5 Powerful Tips to Generate Better Code with AI

This post isn’t about the usual “how to prompt AI” advice.
It’s about lesser-known habits that can seriously upgrade the quality of code you get from LLMs.

Tip 1 — Say you’re not satisfied (immediately)

If the generated code isn’t what you expected, say it clearly and early.

Why this matters:

  • LLMs adapt within a conversation.
  • When you signal dissatisfaction, you push the model to:
    • Reconsider assumptions
    • Apply stricter reasoning
    • Explore alternative approaches

Often the second attempt is more thoughtful than the first one.

Tip 2 — Ask twice (even when it’s good)

Even if the solution works perfectly, try this:

“Improve this code.”

You’d be surprised how often AI:

  • Simplifies logic
  • Improves naming
  • Enhances performance
  • Reduces edge-case risk

Iterative refinement with AI is like having a senior reviewer on demand.

Tip 3 — Give the big picture (and real context)

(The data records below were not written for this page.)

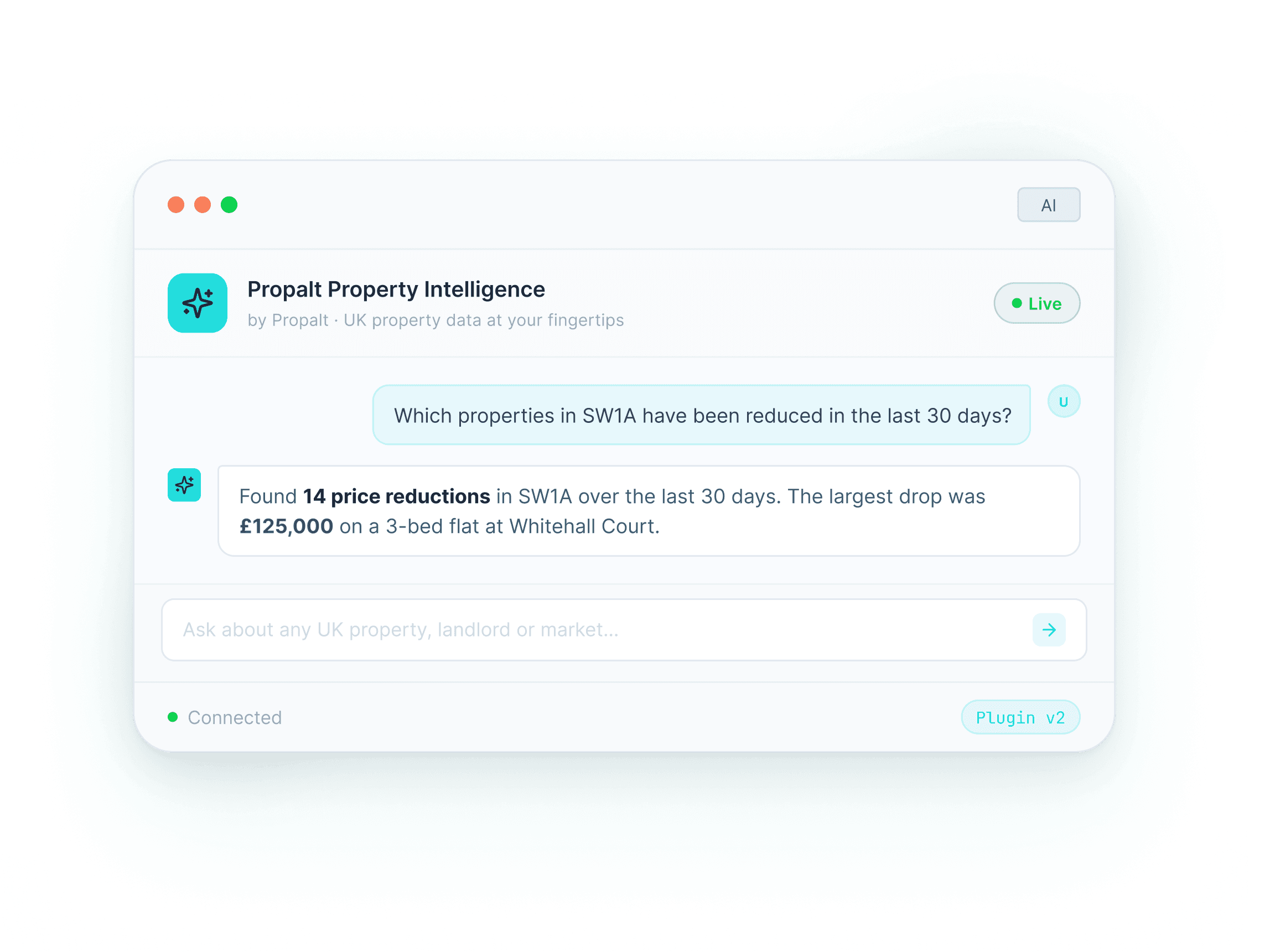 Propalt AI connects industry-leading property data with LLM's and tools you already use, including platforms such as ChatGPT and Claude. That means you can couple our data with yours giving you smarter property search, verified on/off-market data, landlord information, and 40 other data points within your own AI.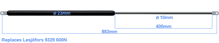 The diameter of the cylinder of this gas spring is 23 millimeters. The diameter of the rod is 10 millimeter. The stroke of the gas spring is 400 millimeter. The total length of this gas strut is 883 mm. This is the total distance between the centers of the two mounting parts. The length from thread to thread (wihout mounting parts) is 845 mm. This replacement gas spring (9329) has a force of 600 Newton (N). This is not an original gas spring produced by Lesjöfors, but it can replace a Lesjöfors gas spring. This gas spring was produced by Stabilus subsidiary HAHN. The gas spring can be used without problems as a replacement, because the dimensions and force almost equal.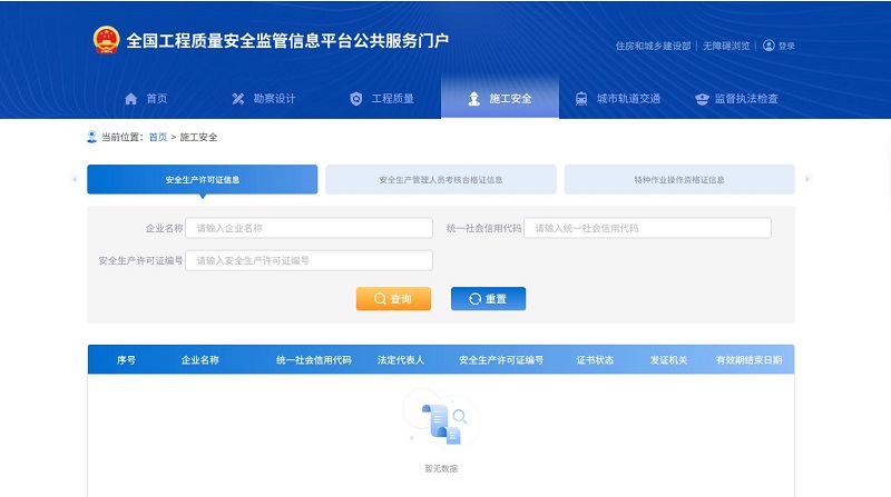 办事群众可登录住建部“全国工程质量安全监管信息平台公共服务门户”查看企业的安全生产许可证信息。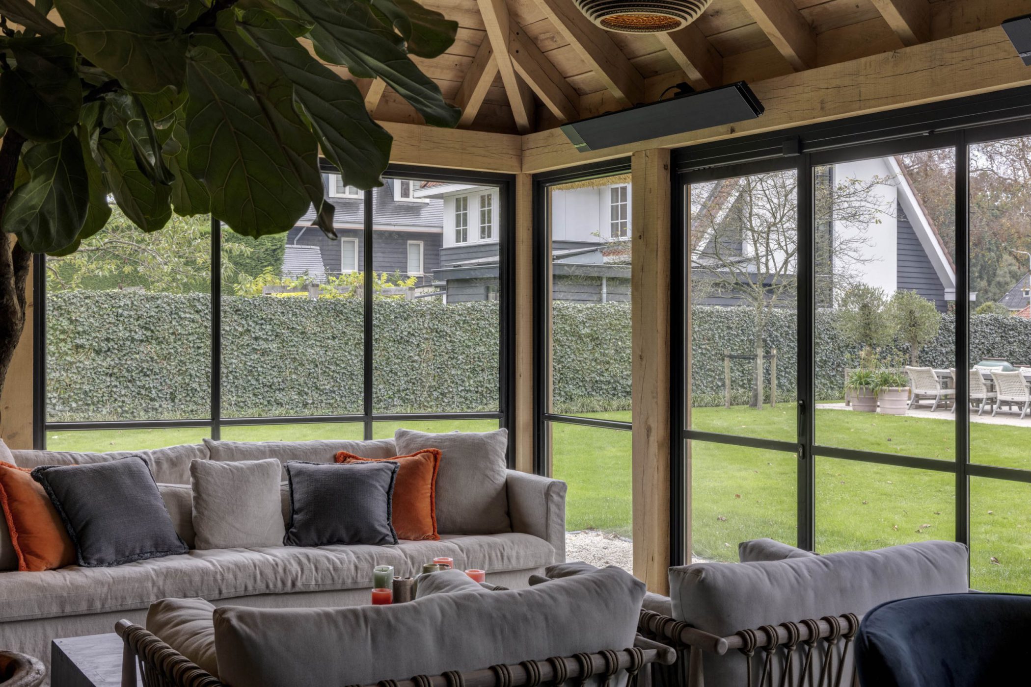 De tuinkamer is met oog voor detail ontworpen. De natuurlijke charme van eikenhout, de ambachtelijke afwerking en de gezellige open haard maken dit tot een plek waar u zich direct op uw gemak voelt. Of u nu de glazen wand openzet en de zon naar binnen laat, of juist de haard aansteekt en het zich binnen behaaglijk maakt, hier zit u altijd goed.

AI performs dramatically better when it understands your architecture and code structure.

Instead of only saying:

“Write a method that does X”

Try:

“This belongs to the service layer. We follow a layered architecture: Controller → Service → Repository. Where should this logic live?”

Now the AI can:

  • Place responsibilities correctly
  • Avoid leaking business logic into technical layers
  • Produce code that fits your design

But here’s where things become powerful.

Instead of manually describing the system, you can use an AI Prompt Builder that automatically enriches your request with real project context extracted from your codebase.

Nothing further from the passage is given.